Produce a word-for-word copy of the lines from the one that contains "- Las bóvedas" to the final line of the data below, with all pictures dropped.
━━━ DATA BELOW
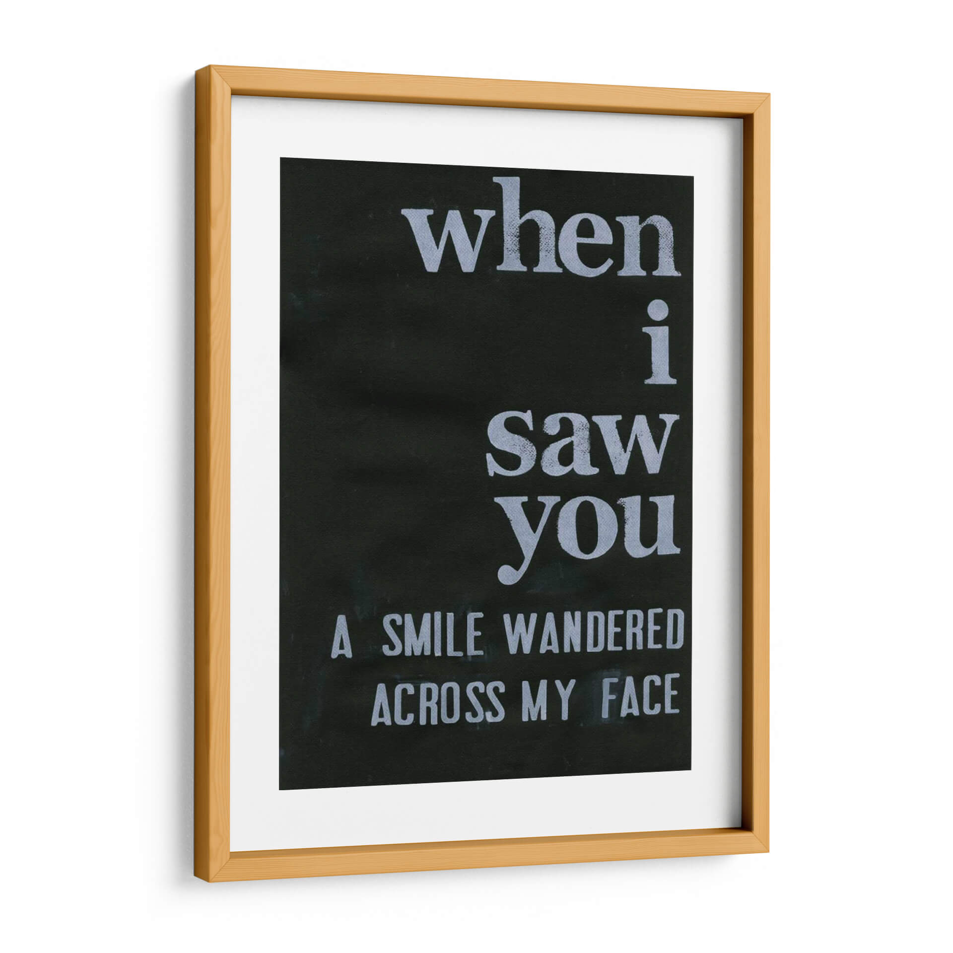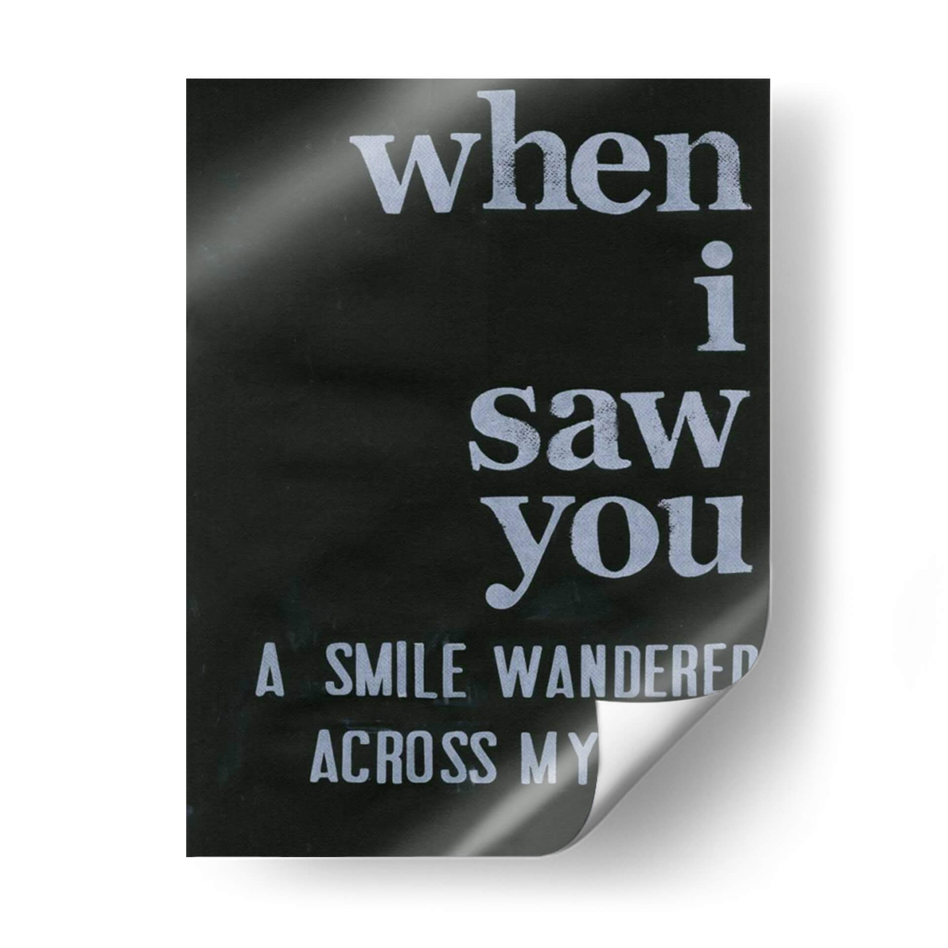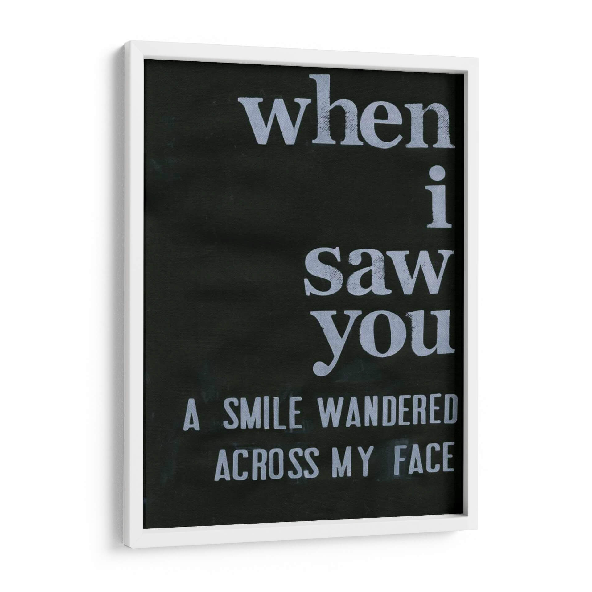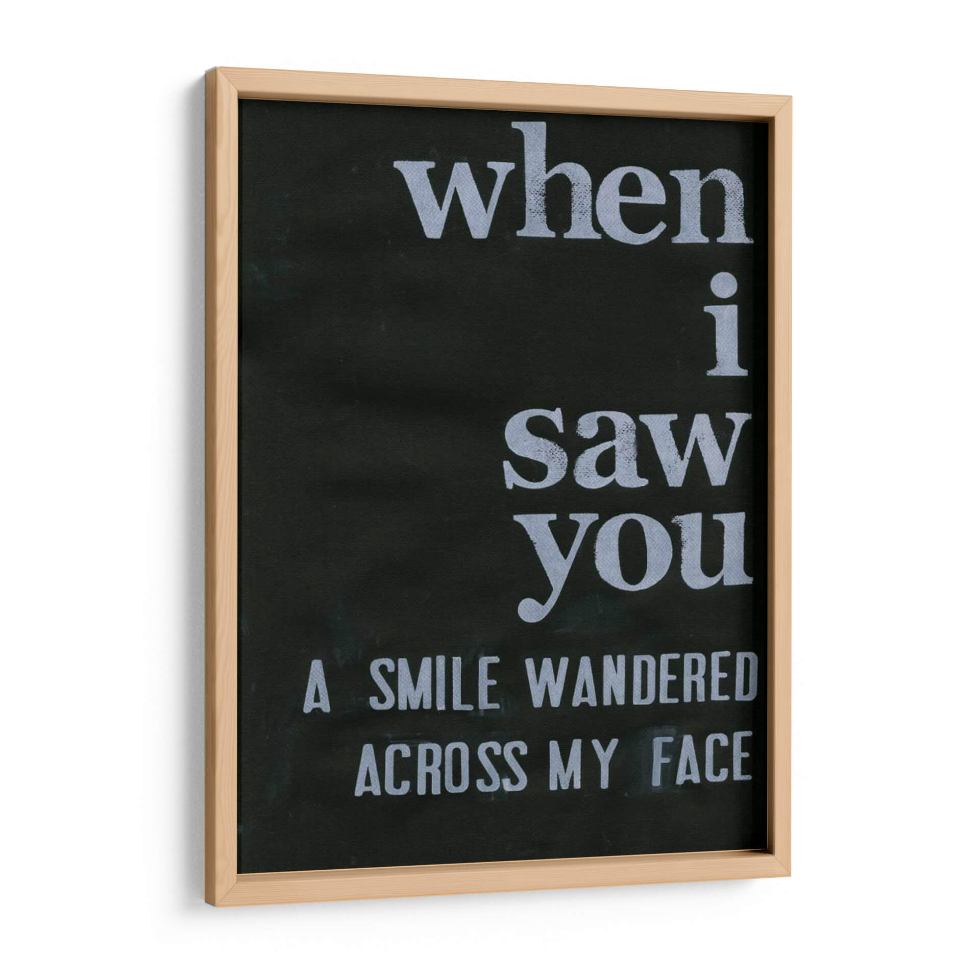 Sumérgete en la nostalgia y la dulzura con "Cuando Te Vi... II", una obra de arte textual que captura un momento íntimo y universal. Esta pieza presenta una tipografía clara y legible sobre un fondo oscuro, evocando una sensación de profundidad y reflexión. Las letras, de un tono grisáceo suave, contrastan sutilmente con el negro intenso del fondo, creando un efecto visual cautivador que invita a la contemplación. La frase "When I saw you... A smile wandered across my face" se despliega con una elegancia sencilla, transmitiendo la alegría espontánea y el recuerdo tierno de un encuentro significativo. El estilo minimalista y el uso de texto como elemento principal de la composición la convierten en una pieza moderna y versátil, perfecta para añadir un toque personal y emotivo a cualquier espacio. Ideal para salones, dormitorios o estudios, este cuadro decorativo resonará con aquellos que aprecian las expresiones sinceras y los momentos fugaces de felicidad. Su diseño limpio y su mensaje universal la hacen una adición encantadora y significativa a tu decoración.
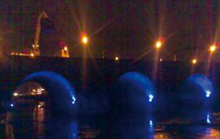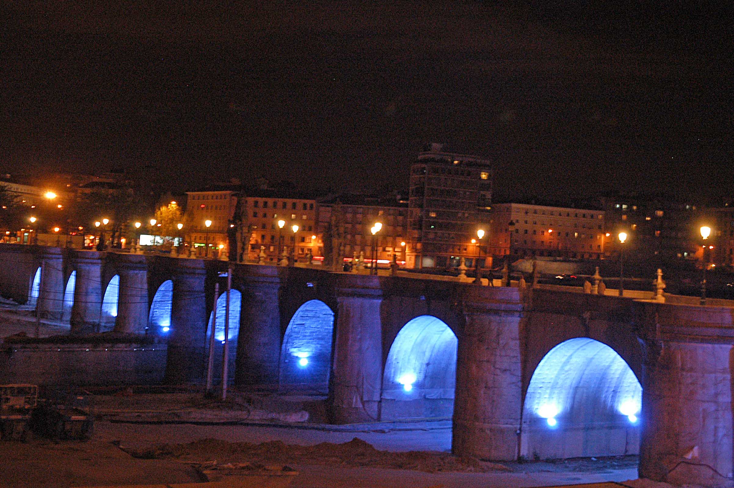 - Las bóvedas de los puentes históricos del Rey, de Segovia y de Toledo se han bañado con luz azul para reforzar la visión nocturna y permitir la visualización del río mediante los reflejos que la luz de las bóvedas produce en el agua
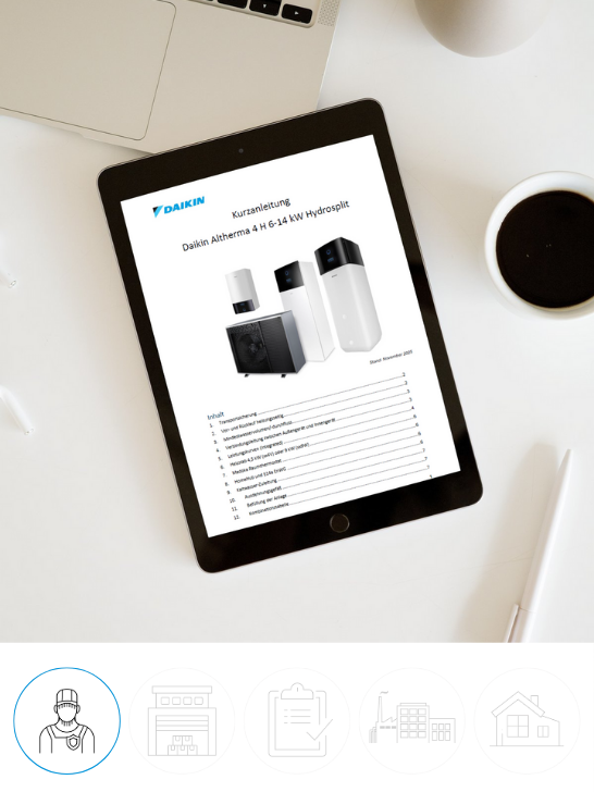 Zur Vorbereitung der Installation finden Sie hier unsere Kurzanleitungen für Monoblock- und Split-Wärmepumpen.
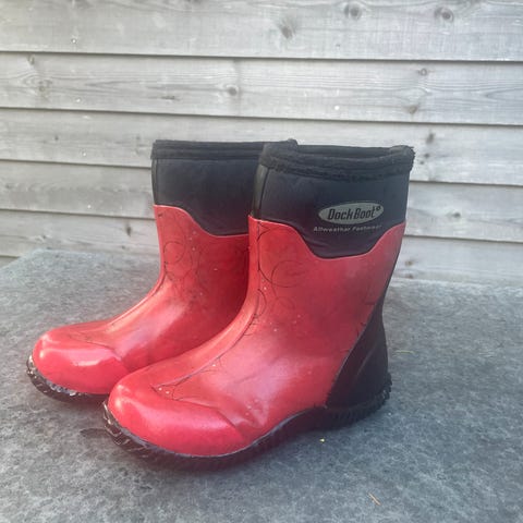 Pent brukte DockBoots i str. 29. Støvlene er varme og romslige og har vært mye brukt her. De ble kjøpt nye i 2024. Noe slitasje på mønsteret, men ingen hull eller mangler, så disse kan fortsatt brukes myyyye.
━━━━━━
- _RESPONSE BOX_:
 - Las bóvedas de los puentes históricos del Rey, de Segovia y de Toledo se han bañado con luz azul para reforzar la visión nocturna y permitir la visualización del río mediante los reflejos que la luz de las bóvedas produce en el agua
 Zur Vorbereitung der Installation finden Sie hier unsere Kurzanleitungen für Monoblock- und Split-Wärmepumpen.
 Pent brukte DockBoots i str. 29. Støvlene er varme og romslige og har vært mye brukt her. De ble kjøpt nye i 2024. Noe slitasje på mønsteret, men ingen hull eller mangler, så disse kan fortsatt brukes myyyye.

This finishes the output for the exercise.